Transcribe exactly everything in the data below from the line containing "文化祭の会場では、家島高校の" down to the line containing "Utilizzando la soluzione", both lines included and nothing further.

*Data provided*:

*** Begin section ***

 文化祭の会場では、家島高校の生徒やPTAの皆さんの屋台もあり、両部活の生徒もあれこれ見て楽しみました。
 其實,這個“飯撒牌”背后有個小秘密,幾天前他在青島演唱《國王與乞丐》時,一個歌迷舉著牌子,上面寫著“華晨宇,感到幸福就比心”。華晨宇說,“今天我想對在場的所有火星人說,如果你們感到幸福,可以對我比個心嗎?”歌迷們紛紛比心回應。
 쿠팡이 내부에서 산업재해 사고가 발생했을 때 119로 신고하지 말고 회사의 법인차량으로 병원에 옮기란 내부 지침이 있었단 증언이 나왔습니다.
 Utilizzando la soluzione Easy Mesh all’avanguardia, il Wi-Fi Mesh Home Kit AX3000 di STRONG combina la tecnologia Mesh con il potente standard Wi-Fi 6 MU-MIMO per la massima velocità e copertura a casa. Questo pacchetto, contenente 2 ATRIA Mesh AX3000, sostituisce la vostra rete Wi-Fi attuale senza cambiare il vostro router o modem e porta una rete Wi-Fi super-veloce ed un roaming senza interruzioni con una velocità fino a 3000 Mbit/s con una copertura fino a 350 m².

*** End section ***
*** Begin section ***

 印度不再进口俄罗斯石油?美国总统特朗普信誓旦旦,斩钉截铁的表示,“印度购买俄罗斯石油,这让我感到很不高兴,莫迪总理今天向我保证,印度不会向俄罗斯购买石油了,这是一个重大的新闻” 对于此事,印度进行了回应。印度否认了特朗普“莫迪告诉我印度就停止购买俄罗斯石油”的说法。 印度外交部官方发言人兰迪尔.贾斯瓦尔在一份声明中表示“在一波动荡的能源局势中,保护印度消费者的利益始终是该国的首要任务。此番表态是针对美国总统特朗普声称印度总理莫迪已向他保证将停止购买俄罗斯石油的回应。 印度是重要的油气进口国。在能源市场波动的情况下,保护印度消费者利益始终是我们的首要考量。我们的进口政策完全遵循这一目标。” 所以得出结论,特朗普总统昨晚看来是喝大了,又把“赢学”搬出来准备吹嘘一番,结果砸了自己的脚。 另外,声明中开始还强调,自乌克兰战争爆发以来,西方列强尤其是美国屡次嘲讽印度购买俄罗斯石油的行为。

*** End section ***
*** Begin section ***

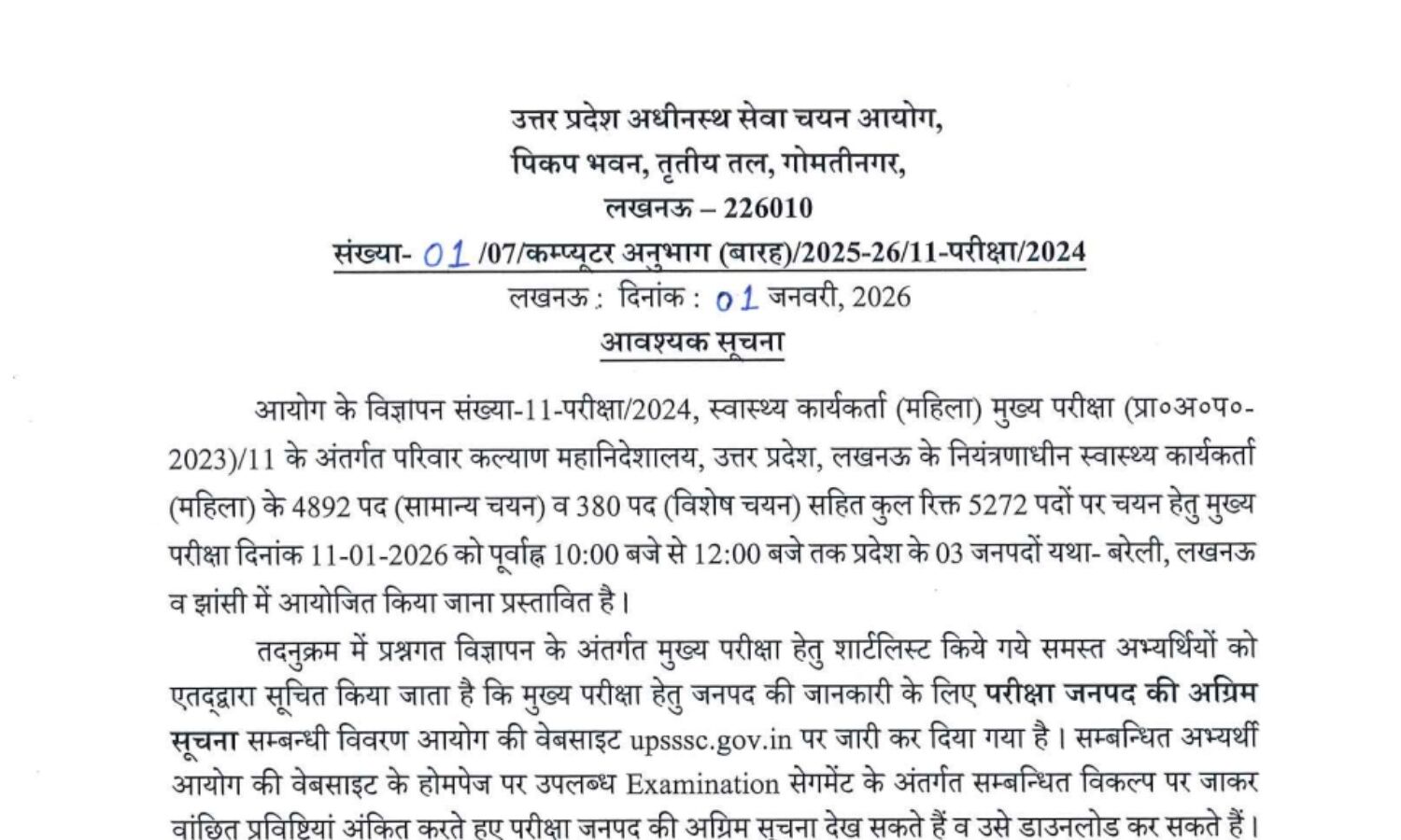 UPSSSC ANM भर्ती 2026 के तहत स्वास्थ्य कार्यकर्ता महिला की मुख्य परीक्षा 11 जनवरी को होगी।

*** End section ***

*Output of the task*:
 文化祭の会場では、家島高校の生徒やPTAの皆さんの屋台もあり、両部活の生徒もあれこれ見て楽しみました。
 其實,這個“飯撒牌”背后有個小秘密,幾天前他在青島演唱《國王與乞丐》時,一個歌迷舉著牌子,上面寫著“華晨宇,感到幸福就比心”。華晨宇說,“今天我想對在場的所有火星人說,如果你們感到幸福,可以對我比個心嗎?”歌迷們紛紛比心回應。
 쿠팡이 내부에서 산업재해 사고가 발생했을 때 119로 신고하지 말고 회사의 법인차량으로 병원에 옮기란 내부 지침이 있었단 증언이 나왔습니다.
 Utilizzando la soluzione Easy Mesh all’avanguardia, il Wi-Fi Mesh Home Kit AX3000 di STRONG combina la tecnologia Mesh con il potente standard Wi-Fi 6 MU-MIMO per la massima velocità e copertura a casa. Questo pacchetto, contenente 2 ATRIA Mesh AX3000, sostituisce la vostra rete Wi-Fi attuale senza cambiare il vostro router o modem e porta una rete Wi-Fi super-veloce ed un roaming senza interruzioni con una velocità fino a 3000 Mbit/s con una copertura fino a 350 m².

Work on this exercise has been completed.